Wednesday June 19th 2013

Posts Tagged ‘trial’

Obama’s Extrajudicial Drone War

The Drone War is Obama’s original contribution to the “War” on Terror. In his term, by the president’s order more “terrorists” – that is, people suspected of being terrorists without any sort of judicial process involved – have been assassinated using unmanned drones than during the entire Bush administration.

While the Obama administration may make it look like there is nothing to worry about, of course there is. Drone strikes take place in foreign, sovereign countries, and are committed at the behest of the executive branch in the United States. These are extrajudicial, executive branch assassinations of people that have not been given any sort of trial.

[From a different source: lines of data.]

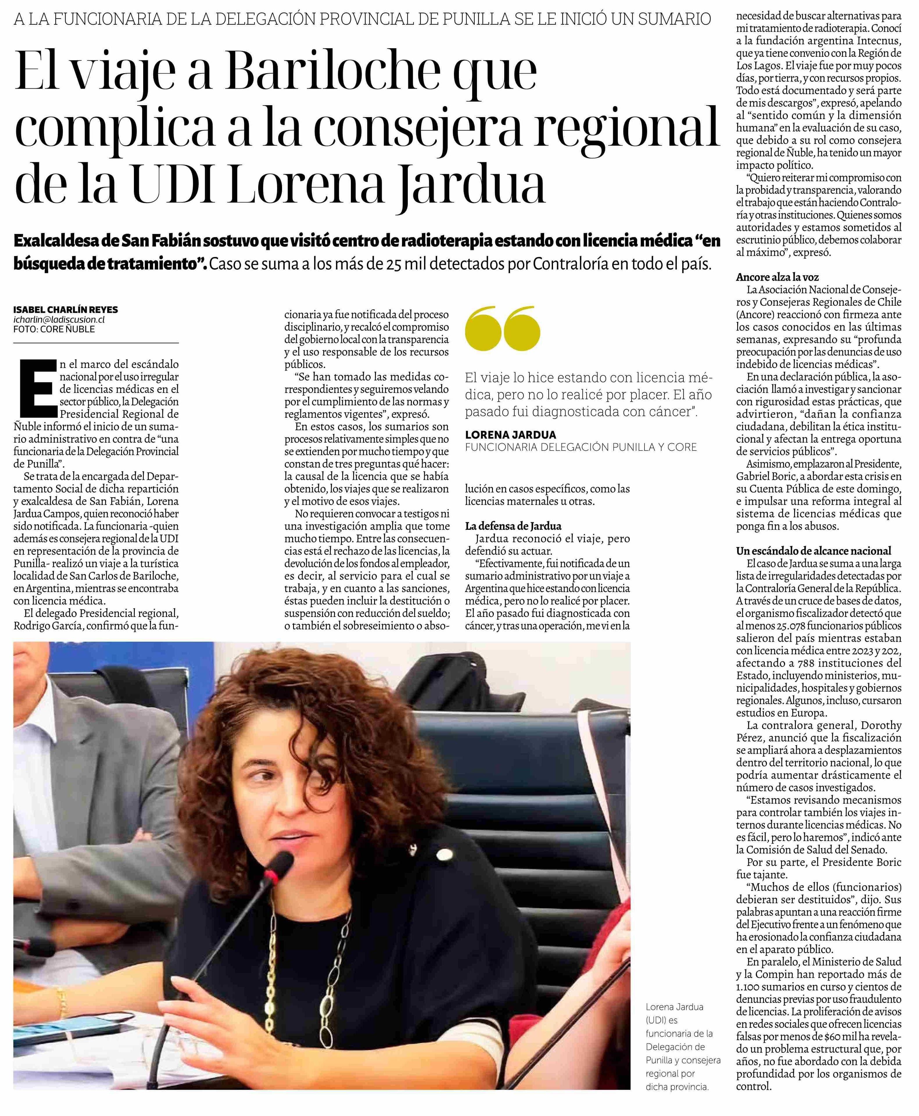 El viaje a Bariloche que complica a la consejera regional de la UDI Lorena Jardua 30-05-2025 La Discusión |
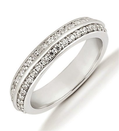 14Kt White gold eternity ring. The ring holds 82 round brilliant cut diamonds in 2 rows each measures 1.3 mm in size. The diamonds are approximately 0.82 ct tw, VS1-2 in clarity, very clean and G-H in color, near colorless to colorless. The band is about 4.0 mm wide. Each diamond is set in prongs and more diamonds may be used for larger ring sizes. The finish is polished. Different finishes may be selected.
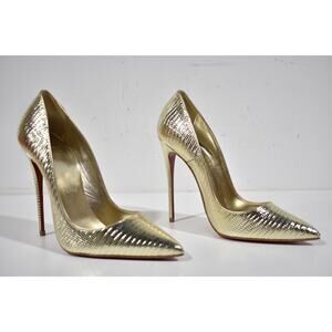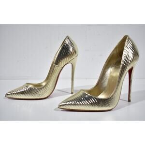 Christian Louboutin So Kate 120 Gold Lizard Lizzy Pointy Stiletto Heel Pump 37.5
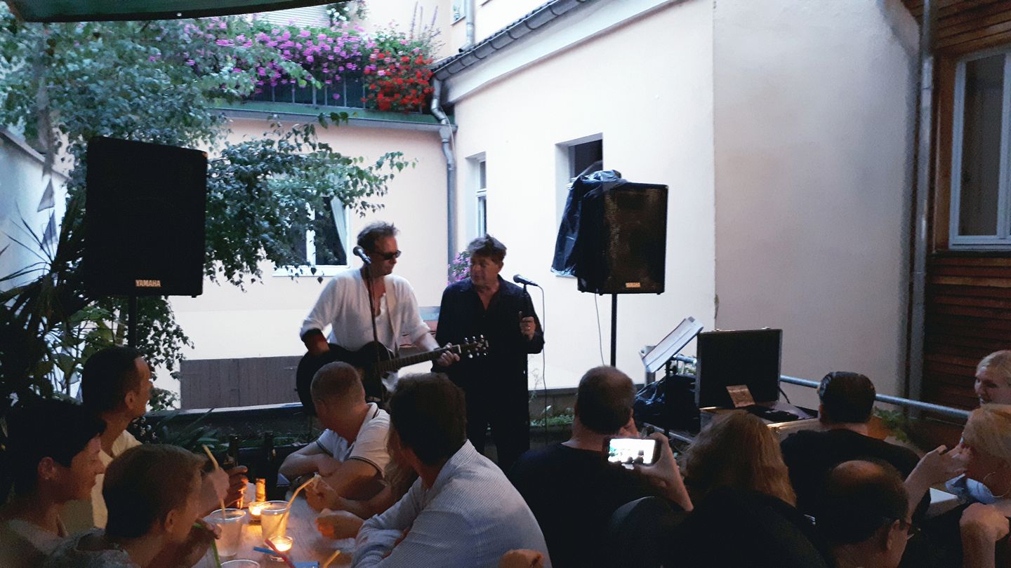 Hofnacht in Pirna! Das Superlativ des Jahres. Es ist wieder soweit. Noch scheint die Sonne über Sachsen, Fürst Fedja liefert Vodka aus, Makarios und Pichelstein sind bereits vor Ort. Im Kreise Ulf wird nach Sichtung des Regenradars besser mal eine Plane übers Anwesen gezogen. Beim Soundcheck dann die ersten Tropfen. Der Himmel verfinstert sich, daraus wird nur ein Schauer, mehr nicht. Pirna jubelt und die Elbe bleibt im Dampferbett. Der Schnaps für die weiteste Anreise geht heute nach Franken, knapp dahinter folgt die sich bereits im Zustand höchster Lebensfreude befindliche Pratajev-Fraktion Finsterwalde. Rasch einen Bulbash, so das Motto des heutigen Tages. Die Folgen sind am Ende als durchaus interessant zu werten. Vorweggenommen: Gitarrenunterricht bei Doctor Pichelstein hätte fast zu einem Sturz in die Tiefe geführt. Auch darf die ofenreiche Zuführung eines Brot-Wurst-Schinken-Konglomerates auf einem Wandbild mit gläsernem Rahmen nicht fehlen: Bereits auf 20 Minuten Backzeit, 220 Grad justiert, verschwand das Werk samt Bild im Bratschlund. Pichelstein konnte überzeugend einwirken, schaltete das Gerät ab und verwies auf noch vorrätige Soljanka.

With this practice, Obama effectively continues the “war model” approach to counterterrorism that was established by Bush-Cheney. In this paradigm, the world is a global battlefield in which anyone deemed a “terrorist” by the president of the United States can be summarily executed. This process takes place entirely outside the rule of law.

Unless you’re a neoconservative with no brain, you may appreciate what kind of precedents this creates. Imagine Russia taking out people it deems “terrorists” in foreign countries – for instance, in the US – and the response that would elicit. As a matter of fact, Russia has already expanded its definition of terrorists and embarked on its own policy of killing them internationally.

David Cole explains exactly why the Obama administration’s policy on drone strikes is so lawless and dangerous. It is to be noted, moreover, that there seems to be a rift within the administration about this policy.

On Friday, a front-page New York Times story reported that a rift has emerged within the Obama Administration over whether it has authority to kill “rank-and-file” Islamist militants in foreign countries in which there is not an internationally recognized “armed conflict.” The implications of this debate are not trivial: Imagine that Russia started killing individuals living in the United States with remote-controlled drone missiles, and argued that it was justified in doing so because it had determined, in secret, that they posed a threat to Russia’s security, and that the United States was unwilling to turn them over. Would we calmly pronounce such actions compliant with the rule of law? Not too likely.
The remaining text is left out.